For sure! There are numerous artists doing aquatint prints in their home studios.
Nevertheless, there are some key factors to keep in mind. First and foremost, make sure you have a dedicated space where acids and solvents could be used safely. Good ventilation is of absolute importance throughout but especially when using any kind of chemicals.
When I first started I recall constructing a rough studio in my garage, and was flabbergasted how the entire process was so easy to get used to. I placed a table fan at the window for airflow and arranged tables for the other materials I had.
If you’re beginning small, it’s even possible to use a smaller printing press which can be hand pressed too.
It is all about optimizing your workspace to how works best for you and inspires you.
What do you think are the most common things that are difficult in aquatint?
Each artist has their hurdles to overcome and aquatint is not different. Most of the time I find a very common problem which is the very uneven distribution of the rosin.
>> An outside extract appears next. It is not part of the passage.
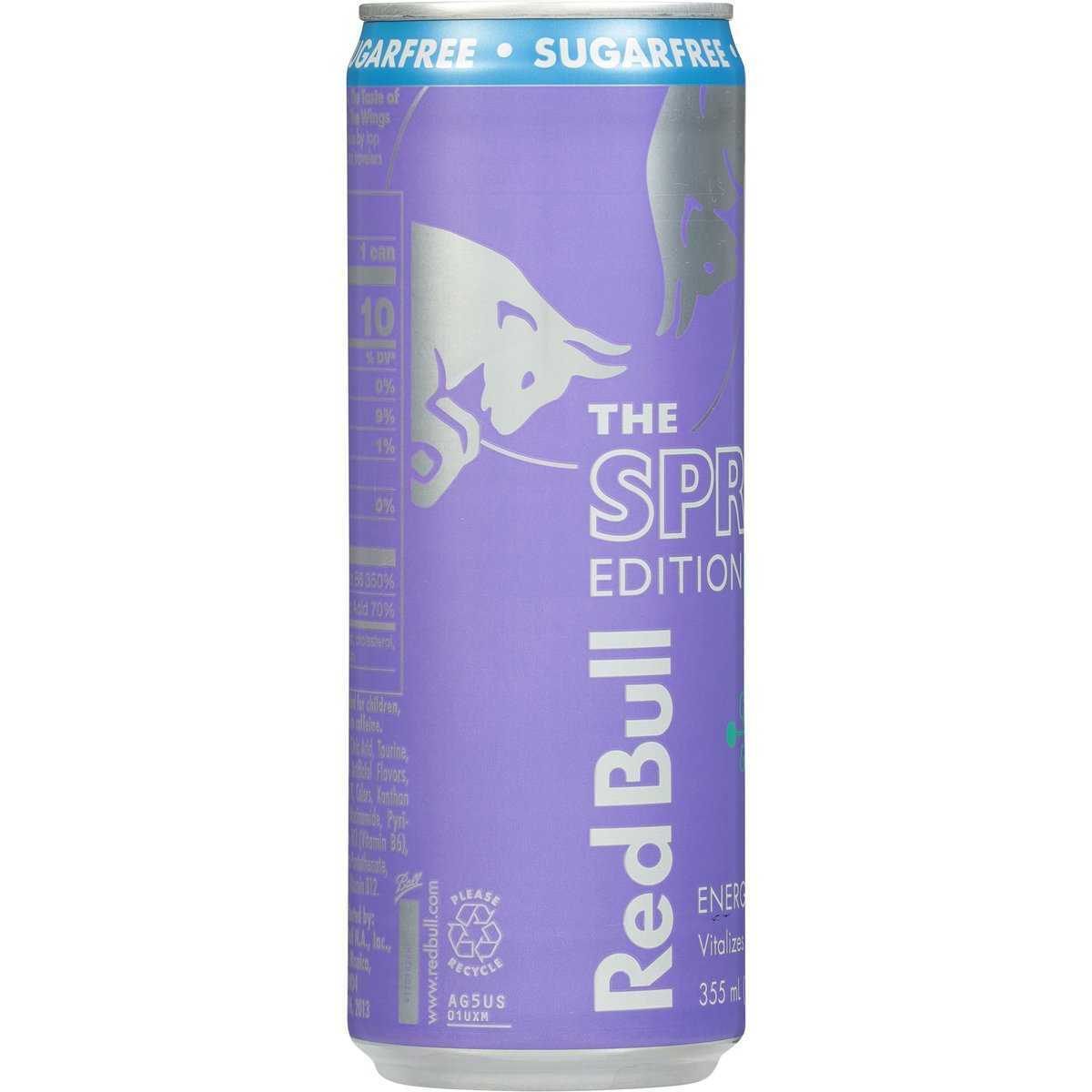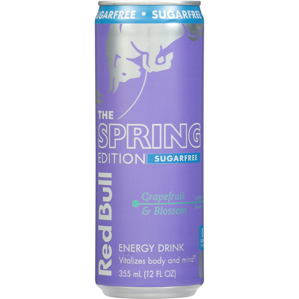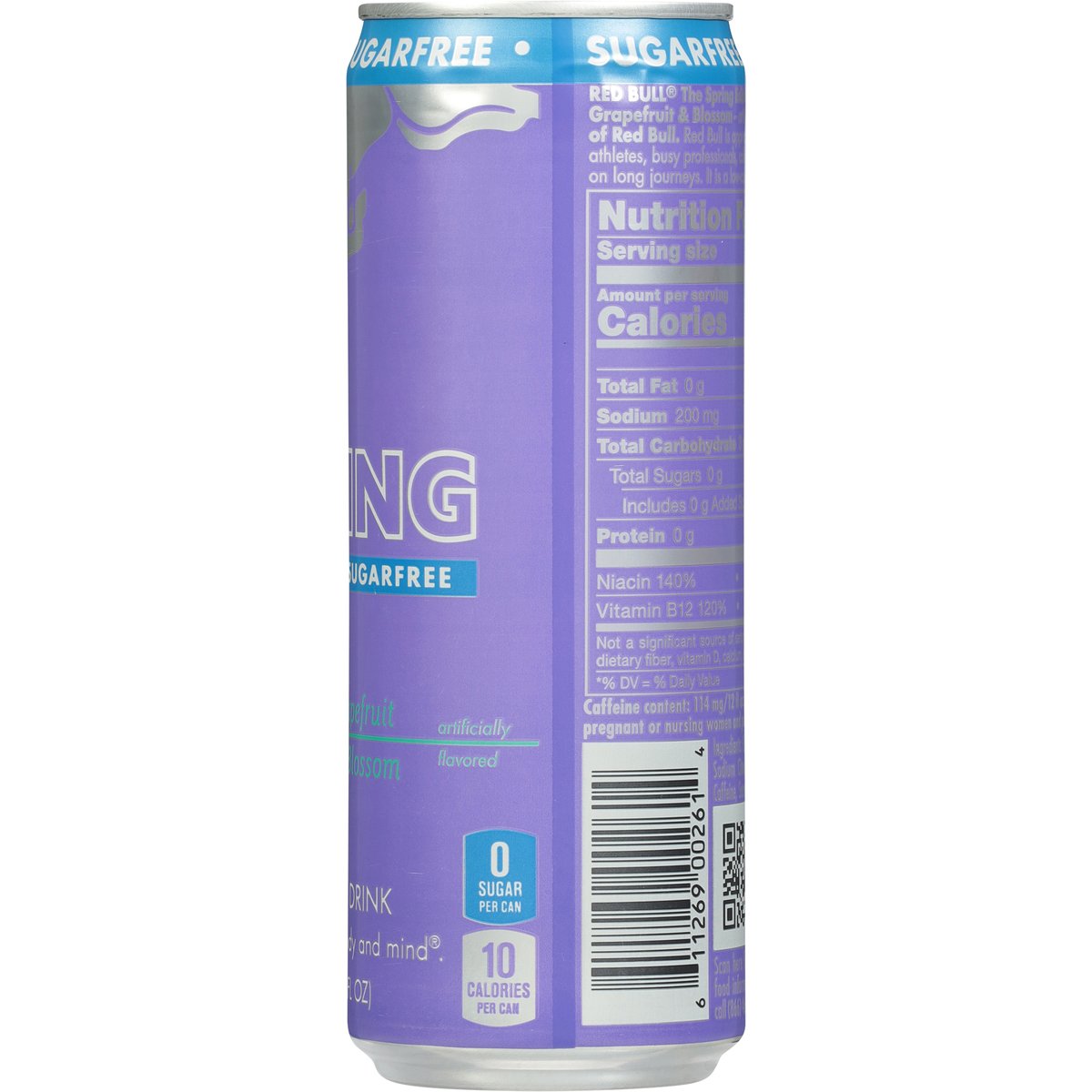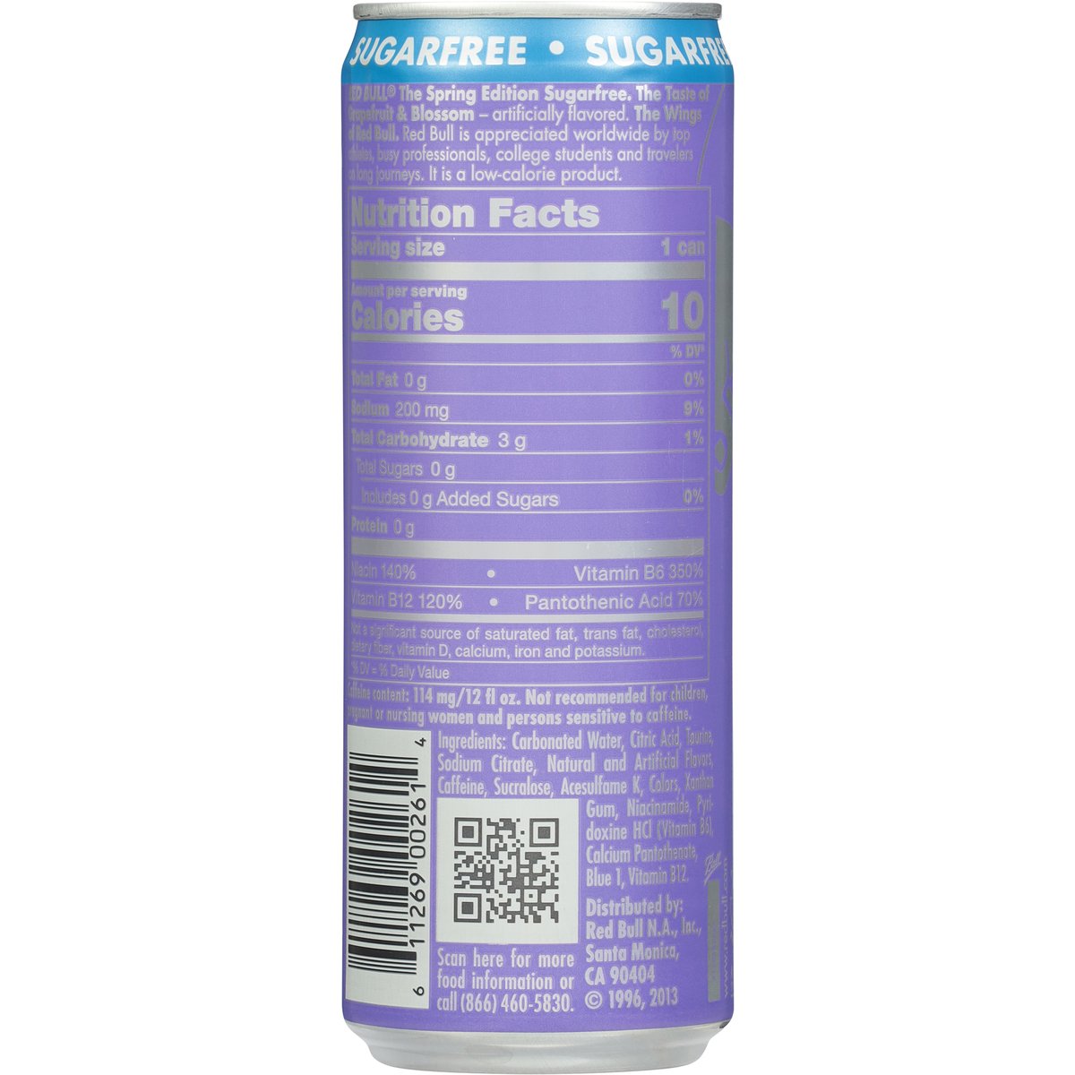 The Spring Edition Artificially flavored. 0 sugar per can. 10 calories per can. Sugar free. It is a low calorie product. Caffeine Content: 114 mg/12 fl oz. Vitalizes body and mind. Red Bull The Spring Edition Sugarfree. The Taste of Grapefruit & Blossom-artificially flavored. The Wings of Red Bull. Red Bull is appreciated worldwide by top athletes, busy professionals, college students and travelers on long journeys. It is a low-calorie product. www.redbull.com. Scan for more food information or call (866) 460-5830. Please recycle.

As I mentioned previously, some particles are hard to come by, as I stated getting grain at the correct size can also be a challenge. If you use grain too coarse, your textures will be too thick, too fine and you will lose details.
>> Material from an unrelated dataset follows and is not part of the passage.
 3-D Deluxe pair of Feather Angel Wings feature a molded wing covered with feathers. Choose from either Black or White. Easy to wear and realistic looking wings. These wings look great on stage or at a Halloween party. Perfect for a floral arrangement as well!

The winding time on the acid bath is also a struggle. The plate should not be submerged for a long time else it might lead to over-biting which messes the print.
I recall one instance when I was just too passionate to create a design, and my concept of time was completely lost. This resulted in a black, overpowering print which wasn’t even close to what I had originally imagined. It made me learn that one cannot rush such a delicate yet profound process, and these days I use timers to avoid being too enthusiastic and getting lost.
What is the procedure killer of cleaning an aquatint plate?
An aquatint plate must be cleaned after every print to keep it usable and active for the next print while making sure to not damage it.
When you are done inking the plate, soak a paper towel or cloth into ink cleaner or mineral spirits and gently erase any ink that is still left on the resin.
Make sure to not rub excessively as this might erase the texture that you have worked hard to create.
After the plate is devoid of any ink, use a sponge and lukewarm water mixed with soap to wash the plate and ensure there is no leftover rosin or any other form of residue.
It should be dried immediately just to avoid the development of any water spots. During my initial printing session, I personally observed this and can assure everyone that it is highly disappointing to have an absolutely great plate covered with stains! Not an easy sight to see; as such, dry it off as best as you can.
Conclusion
We have come to the final chapter concerning the use of aquatint in etching and I hope you have seen why this simple art form can be so complicated yet so beautiful at the same time.
I do believe that aquatint really enhances the emotional content of your prints and gives you a possibility of using textures and tones that would normally just shock people.
Try to get used to the process as well as the material and practice with it. Don’t panic even if you fail once because it is just another lesson in your life as an artist.
So in case you wish to share any experiences you had with the usage of aquatint, then go ahead and do so, as their is a comment section where you can place your questions or stories. Let’s build up our community of enthusiastic artists who can teach and inspire each other!